Records for this exercise:
☆ ☆ ☆ ☆ ☆
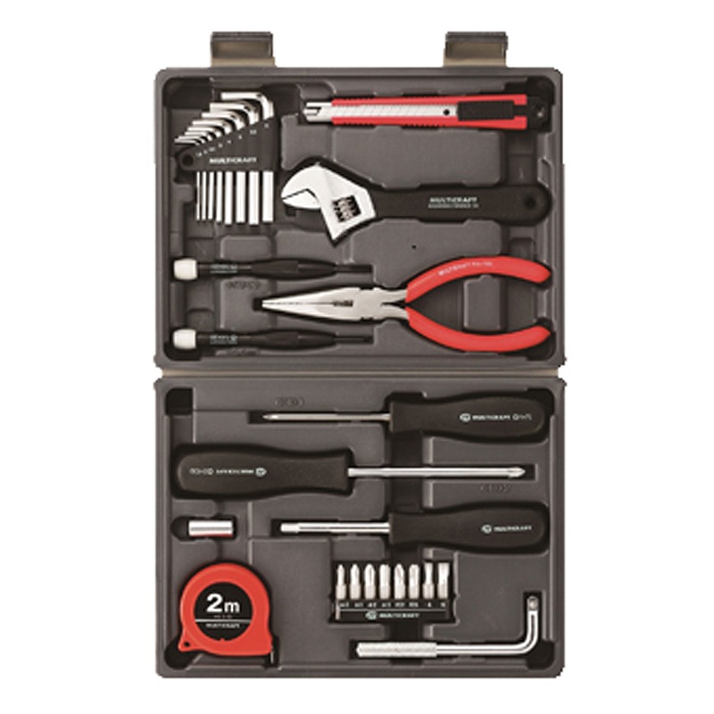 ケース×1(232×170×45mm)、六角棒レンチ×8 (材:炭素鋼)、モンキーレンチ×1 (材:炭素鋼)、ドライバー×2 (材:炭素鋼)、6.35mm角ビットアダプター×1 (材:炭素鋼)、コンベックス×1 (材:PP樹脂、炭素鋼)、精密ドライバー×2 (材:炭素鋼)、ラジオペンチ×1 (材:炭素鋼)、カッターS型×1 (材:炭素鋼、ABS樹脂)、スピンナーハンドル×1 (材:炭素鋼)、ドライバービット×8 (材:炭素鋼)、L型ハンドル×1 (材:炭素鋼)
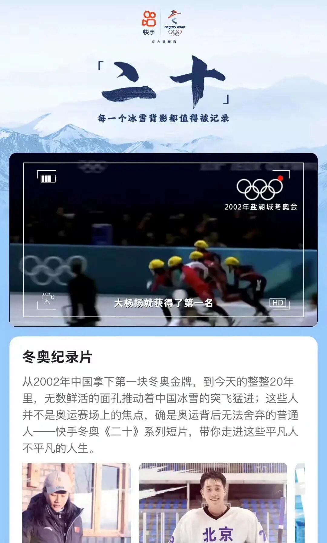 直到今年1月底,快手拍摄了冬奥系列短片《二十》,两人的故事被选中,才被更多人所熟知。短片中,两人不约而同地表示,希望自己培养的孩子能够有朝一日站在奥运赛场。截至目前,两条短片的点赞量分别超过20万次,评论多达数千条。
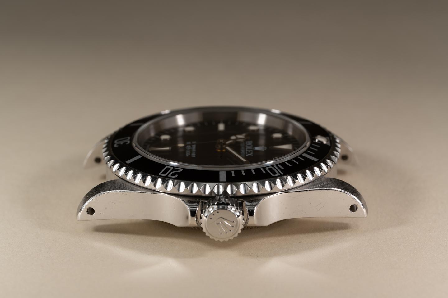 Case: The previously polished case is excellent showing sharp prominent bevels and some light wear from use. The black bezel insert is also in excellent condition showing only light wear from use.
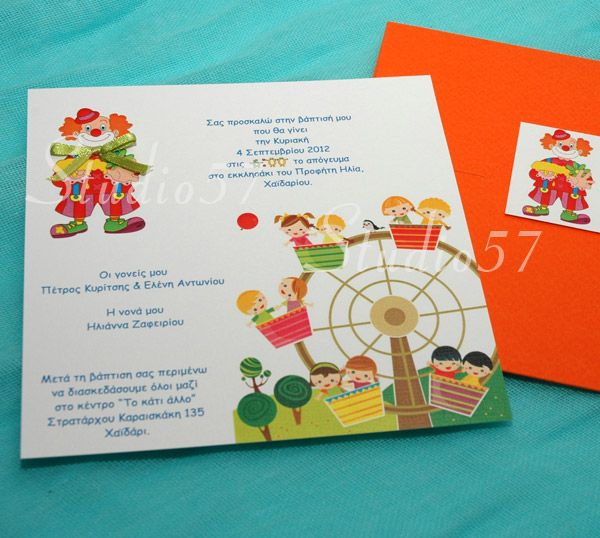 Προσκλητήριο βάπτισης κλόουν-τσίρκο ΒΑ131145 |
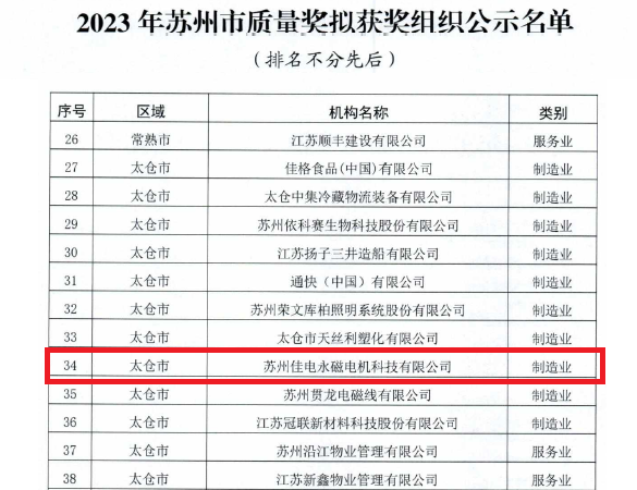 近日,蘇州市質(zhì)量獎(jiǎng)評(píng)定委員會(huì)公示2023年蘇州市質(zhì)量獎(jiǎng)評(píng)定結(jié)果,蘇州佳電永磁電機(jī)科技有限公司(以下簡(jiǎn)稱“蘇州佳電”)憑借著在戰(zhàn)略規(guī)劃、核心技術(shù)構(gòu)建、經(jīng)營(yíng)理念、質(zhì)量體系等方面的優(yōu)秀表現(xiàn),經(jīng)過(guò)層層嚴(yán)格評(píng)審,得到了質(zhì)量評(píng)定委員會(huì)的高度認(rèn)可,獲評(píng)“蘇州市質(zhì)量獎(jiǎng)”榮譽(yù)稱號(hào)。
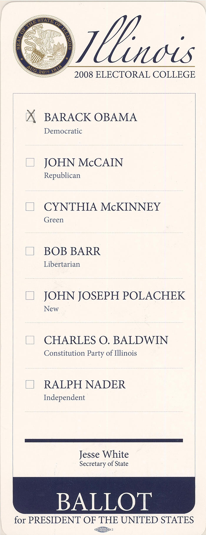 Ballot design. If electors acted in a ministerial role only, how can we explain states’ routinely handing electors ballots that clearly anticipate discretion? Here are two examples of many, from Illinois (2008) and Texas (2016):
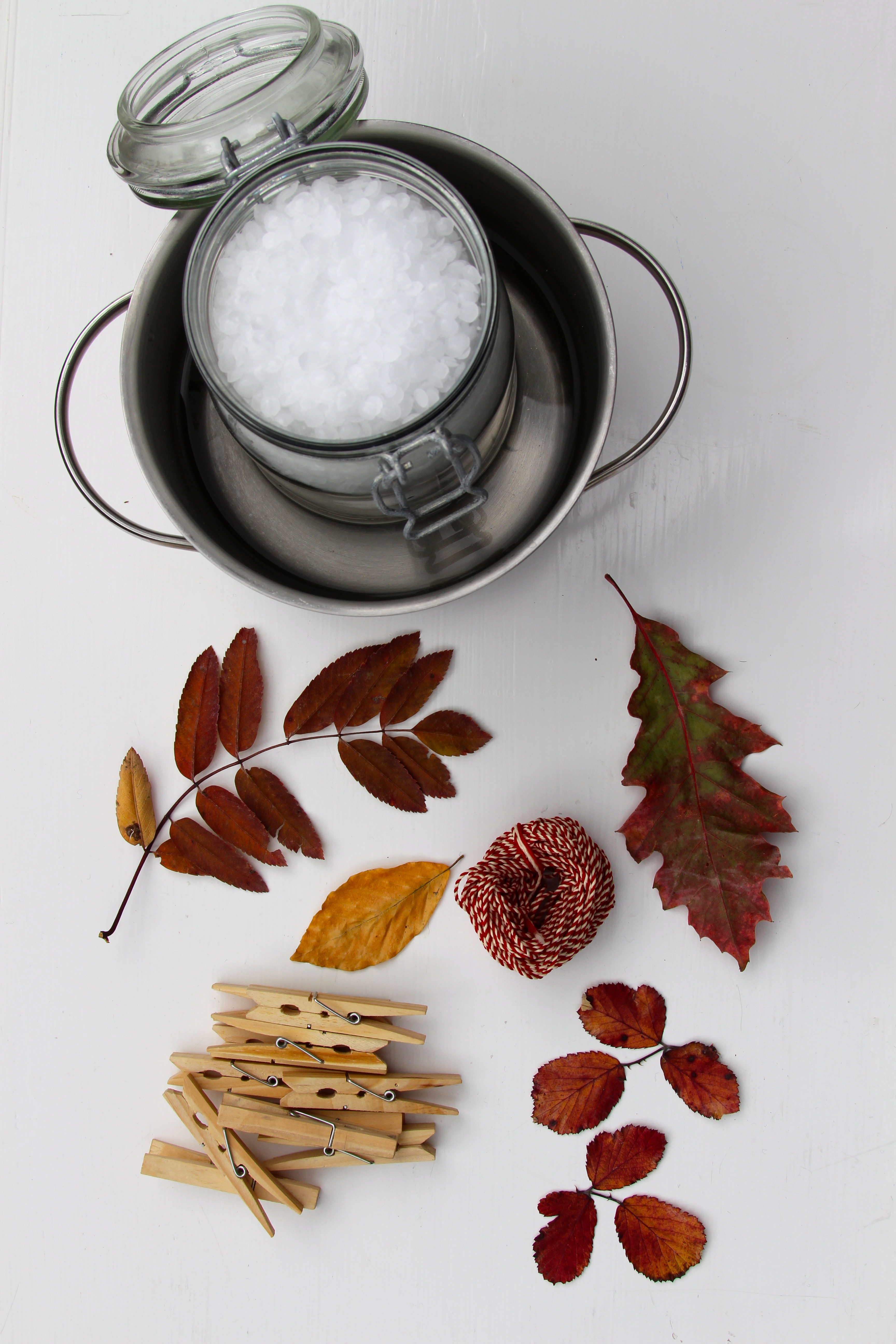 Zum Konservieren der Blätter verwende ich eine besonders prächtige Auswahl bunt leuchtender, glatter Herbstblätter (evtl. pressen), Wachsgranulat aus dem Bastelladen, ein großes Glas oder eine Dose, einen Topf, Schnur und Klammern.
☆ ☆ ☆ ☆ ☆
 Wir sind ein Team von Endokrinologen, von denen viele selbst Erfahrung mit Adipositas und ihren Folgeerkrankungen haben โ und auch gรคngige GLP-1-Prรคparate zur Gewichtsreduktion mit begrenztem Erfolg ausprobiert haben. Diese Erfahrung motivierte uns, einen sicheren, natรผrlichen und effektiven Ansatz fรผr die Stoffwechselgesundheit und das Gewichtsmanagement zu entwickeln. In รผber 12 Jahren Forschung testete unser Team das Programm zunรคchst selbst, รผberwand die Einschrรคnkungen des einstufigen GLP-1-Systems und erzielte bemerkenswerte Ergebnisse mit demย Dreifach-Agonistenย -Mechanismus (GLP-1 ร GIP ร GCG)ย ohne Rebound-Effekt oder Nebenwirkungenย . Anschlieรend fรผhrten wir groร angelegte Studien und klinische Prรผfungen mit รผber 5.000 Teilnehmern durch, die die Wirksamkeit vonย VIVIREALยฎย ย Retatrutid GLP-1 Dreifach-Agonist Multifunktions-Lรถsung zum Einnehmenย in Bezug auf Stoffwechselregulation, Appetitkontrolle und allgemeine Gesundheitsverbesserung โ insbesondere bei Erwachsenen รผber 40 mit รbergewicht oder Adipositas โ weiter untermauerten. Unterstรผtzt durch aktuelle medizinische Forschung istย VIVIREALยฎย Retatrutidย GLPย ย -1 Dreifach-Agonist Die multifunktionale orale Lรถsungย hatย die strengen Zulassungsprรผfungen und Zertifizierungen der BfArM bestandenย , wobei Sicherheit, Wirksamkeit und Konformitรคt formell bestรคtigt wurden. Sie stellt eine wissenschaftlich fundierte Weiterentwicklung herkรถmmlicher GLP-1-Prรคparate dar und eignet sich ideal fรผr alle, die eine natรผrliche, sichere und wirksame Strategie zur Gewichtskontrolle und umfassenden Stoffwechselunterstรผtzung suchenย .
☆ ☆ ☆ ☆ ☆
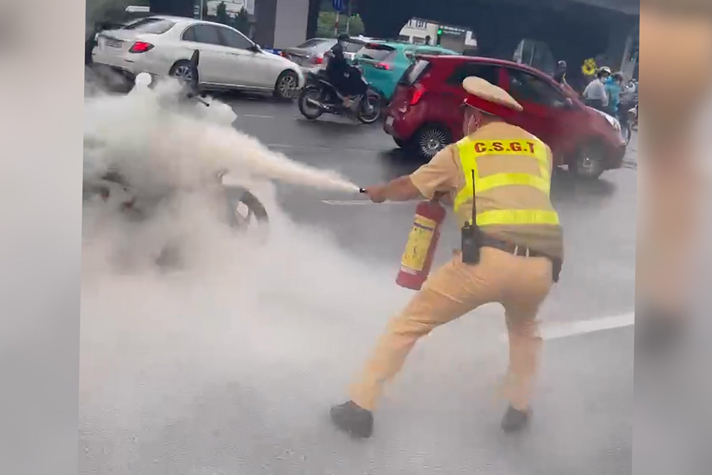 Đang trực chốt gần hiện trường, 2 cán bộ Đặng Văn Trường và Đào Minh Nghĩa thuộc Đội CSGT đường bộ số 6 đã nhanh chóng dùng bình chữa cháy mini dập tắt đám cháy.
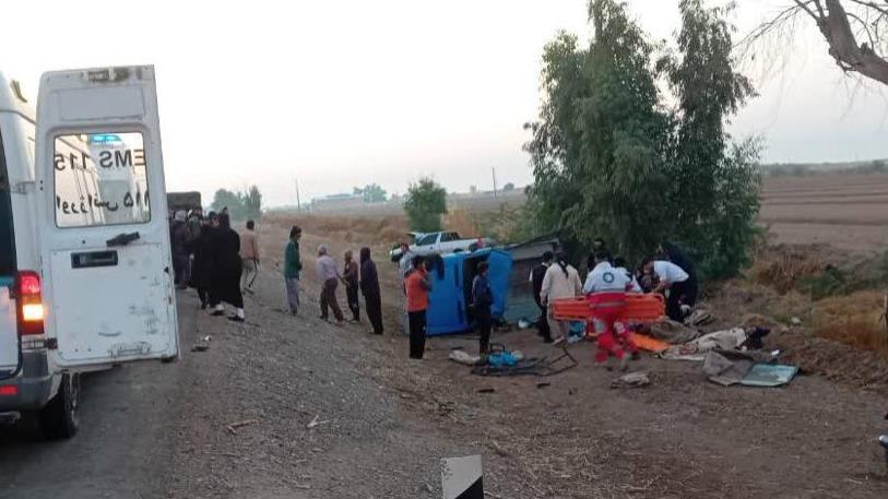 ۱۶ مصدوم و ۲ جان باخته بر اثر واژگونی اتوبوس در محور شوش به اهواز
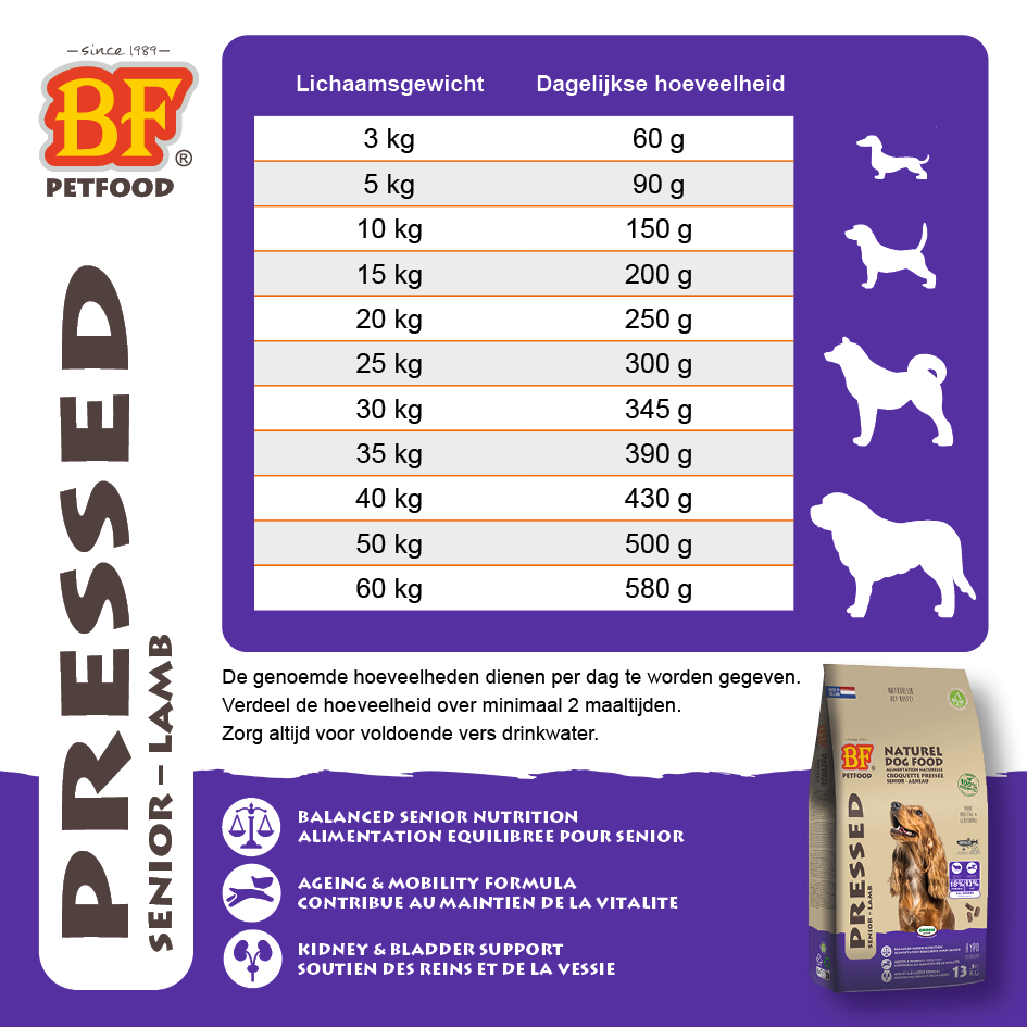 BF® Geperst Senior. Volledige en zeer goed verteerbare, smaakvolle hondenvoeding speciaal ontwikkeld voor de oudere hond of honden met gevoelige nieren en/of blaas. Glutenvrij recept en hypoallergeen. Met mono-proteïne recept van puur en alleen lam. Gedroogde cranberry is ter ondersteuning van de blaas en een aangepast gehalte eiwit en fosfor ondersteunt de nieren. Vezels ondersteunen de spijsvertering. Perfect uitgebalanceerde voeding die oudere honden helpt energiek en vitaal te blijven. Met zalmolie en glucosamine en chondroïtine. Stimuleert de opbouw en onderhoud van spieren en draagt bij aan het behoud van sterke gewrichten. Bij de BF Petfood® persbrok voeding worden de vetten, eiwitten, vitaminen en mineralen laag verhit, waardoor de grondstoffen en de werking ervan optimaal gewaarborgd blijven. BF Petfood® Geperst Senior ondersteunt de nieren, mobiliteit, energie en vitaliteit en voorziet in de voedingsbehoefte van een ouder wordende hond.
☆ ☆ ☆ ☆ ☆
The data above holds the lines to copy: start at the one with "Ballot design. If", stop at the one with "Zum Konservieren der", include both, copy them exactly without pictures, and copy nothing else.

 Ballot design. If electors acted in a ministerial role only, how can we explain states’ routinely handing electors ballots that clearly anticipate discretion? Here are two examples of many, from Illinois (2008) and Texas (2016):
 Zum Konservieren der Blätter verwende ich eine besonders prächtige Auswahl bunt leuchtender, glatter Herbstblätter (evtl. pressen), Wachsgranulat aus dem Bastelladen, ein großes Glas oder eine Dose, einen Topf, Schnur und Klammern.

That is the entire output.